The distribution of values $x_1 = \log(s_{cp})$ significantly influences the distribution of row and column sums, and consequently affects $x_2 = \log(S_c S_p / S_w)$ . More specifically, a bell-shaped distribution of the log values $x_1 = \log(s_{cp})$ results in a bell-shaped distribution of $\log(S_c)$ and $\log(S_p)$ values, and thus $x_2$ values. This leads to a bell-shaped distribution of $\log(LQ) = x_1 - x_2$ values.

We confirm this intuition with empirical data. The distributions of $x_1$ , $x_2$ , and $\log(LQ) = x_1 - x_2$ are illustrated in Figure 1.

$Distribution of x_1 = \log(s_{cp}), x_2 = \log(S_c S_p / S_w), and \log(LQ) = x_1 - x_2.$

Figure 1: Distribution of $x_1 = \log(s_{cp})$ , $x_2 = \log(S_c S_p / S_w)$ , and $\log(LQ) = x_1 - x_2$ . The cut at $\log(s) = 3$ reveals the lower bound in $s_{cp} = 1000$ US$ in our exports data. These distributions of log variables are much 'better behaved' than those of linear LQ, $s_{cp}$ , or $S_c S_p / S_w$ . The distribution of the number of patents and business counts is largely constrained to natural numbers, frequently showing small values. This feature explains the fragmented appearance of its histogram and scatter plots in Figure 2.

Distributions of observed points in log scale.

Figure 2: Distributions of observed points in log scale. The dots represent actual data points in our dataset. Plots on the top are for trade data, middle for patent counts data, bottom for business counts data. Left: points in ( $(x_1 + x_2) / 2, \log(LQ) = x_1 - x_2$ ) coordinates. Right: points in ( $x_2, x_1$ ) coordinates, with $x_1 = \log(s_{cp})$ and $x_2 = \log(S_c S_p/S_w)$ . Left plots can be transformed to right plots by applying a linear transformation. Dark lines indicate axes $\log(LQ)$ , $x_1$ , $x_2$ . A log transformation lets all observations form a bounded cloud.

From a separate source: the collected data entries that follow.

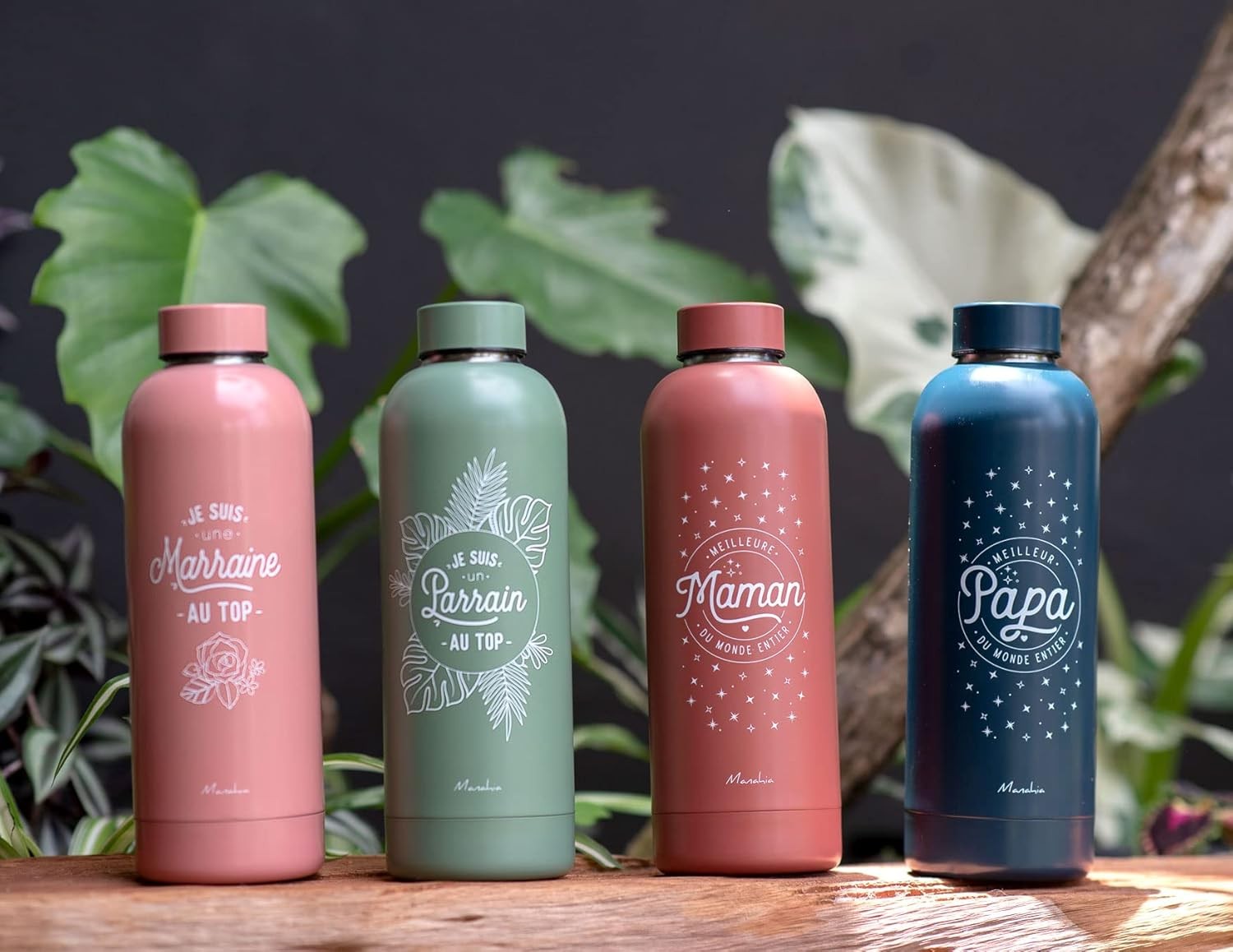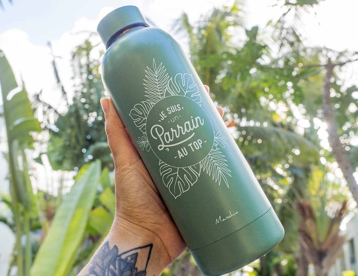 Une jolie attention pour un parrain exceptionnel 💛 Cette bouteille isotherme en acier inoxydable est le cadeau parfait pour lui rappeler combien il est formidable. En savoir plus >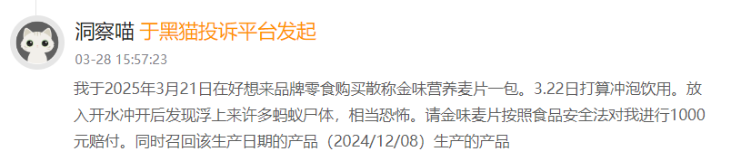 例如,在黑貓投訴平台,有消費者3月28日投訴表示,其於2025年3月21日在好想來品牌零食購買散稱金味營養麥片一包,3.22日打算沖泡飲用。放入開水衝開後發現浮上來許多螞蟻屍體,相當恐怖。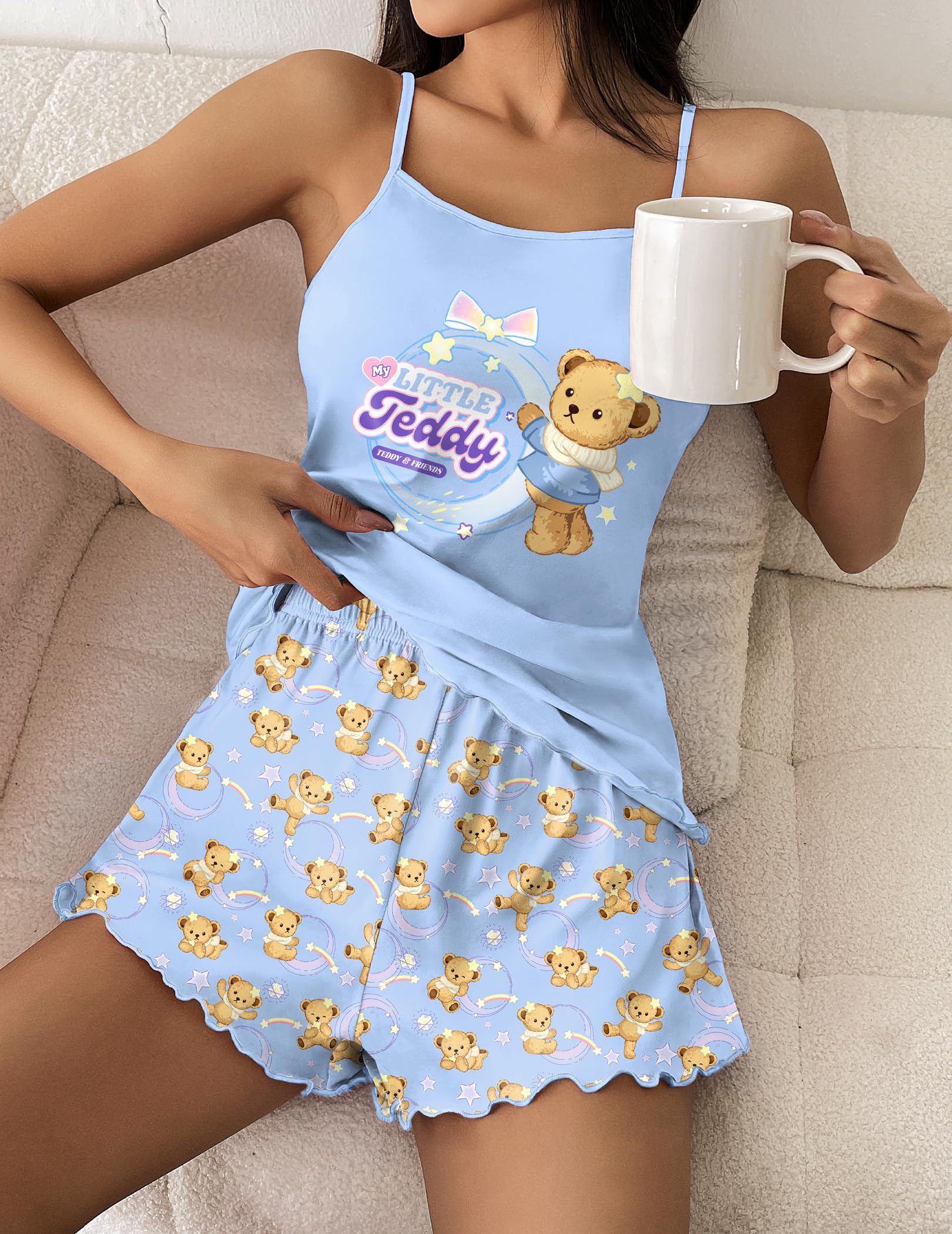 Comfy Material: Ekouaer Cami Shorts Set is made of 95% Polyester and 5% Spandex, skin-friendly and light weight. High-quality fabric is wear-resistant and not easy to fade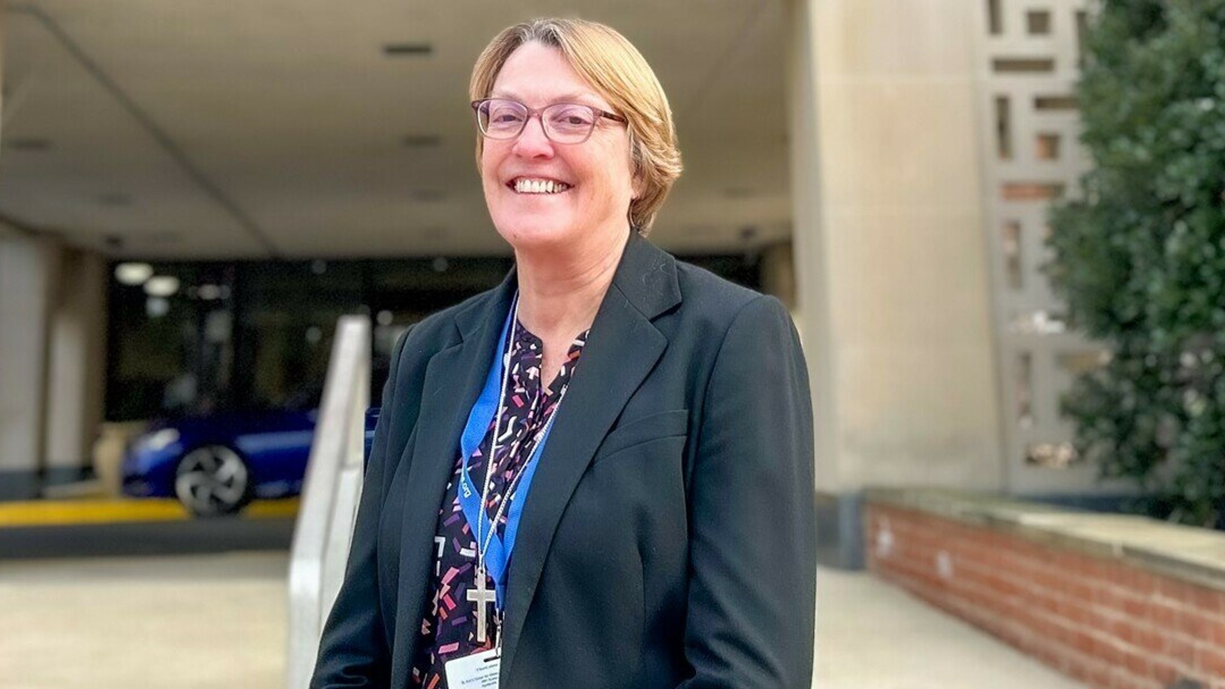 Around her neck, not far from her heart, Sister Nancy Downing wore two things that reflected special milestones in her life that unfolded in January. One was a necklace connected to a simple metal cross that she wears as a religious sister in the Congregation of Notre Dame. January 30 marked the 25th anniversary of her first vows as a Notre Dame sister. Hanging from a blue lanyard was a badge that she wears as the new CEO of St. Ann’s Center for Children, Youth and Families in Hyattsville, Maryland, which she began leading on Jan. 8.

Discussion on Empirical Settings

In the context of patent data, even with fractional counting, small natural numbers are quite frequent. A similar pattern is observed with business counts data, as shown in the middle and right plots of Figure 1. Despite the fragmented nature of the distribution of raw values, the rows, column sums, and the $x_2$ factor are well-distributed in logs, mitigating potential issues.

For exports data, there are additional features to consider. A lower bound of $10^3$ US$ is evident in our data (sharp edge on the distribution of values, left plot in Figure 1). This primarily affects the lower end of log-distributed values, and is not expected to critically impact row and column sums.

Handling Null Values

When applying a logarithmic transformation, null values can pose challenges depending on the task. In export data, null values might represent small values like US$ 500, or indicate absent activities in a region. For decisions regarding the $LQ > 1$ condition, null values should be considered below the $LQ = 1$ threshold.

In regression analyses using LQ values, addressing null values requires careful consideration due to potential distortions. Options include replacing zero values with a "very small" value, omitting null observations, or using an interaction with a dummy variable for null values. The choice depends on the specific application context.

Conceptual Interpretation of Null Entries

Null entries in cross sections often indicate either small volumes (as in truncated export data) or absences. Absences can be mild, such as intermittent exports, or deep, resulting from sparse records in detailed cross sections. Researchers must decide how to handle these null entries based on their specific tasks. However, the presence of null entries should not necessarily deter the application of log transformations on raw data.

This paper focuses on the $LQ = 1$ threshold and observations fluctuating around it, ensuring that the undefined nature of the log of null values does not hinder our analyses.

Footnote: Fractional counting allows values to exist between natural numbers and below one.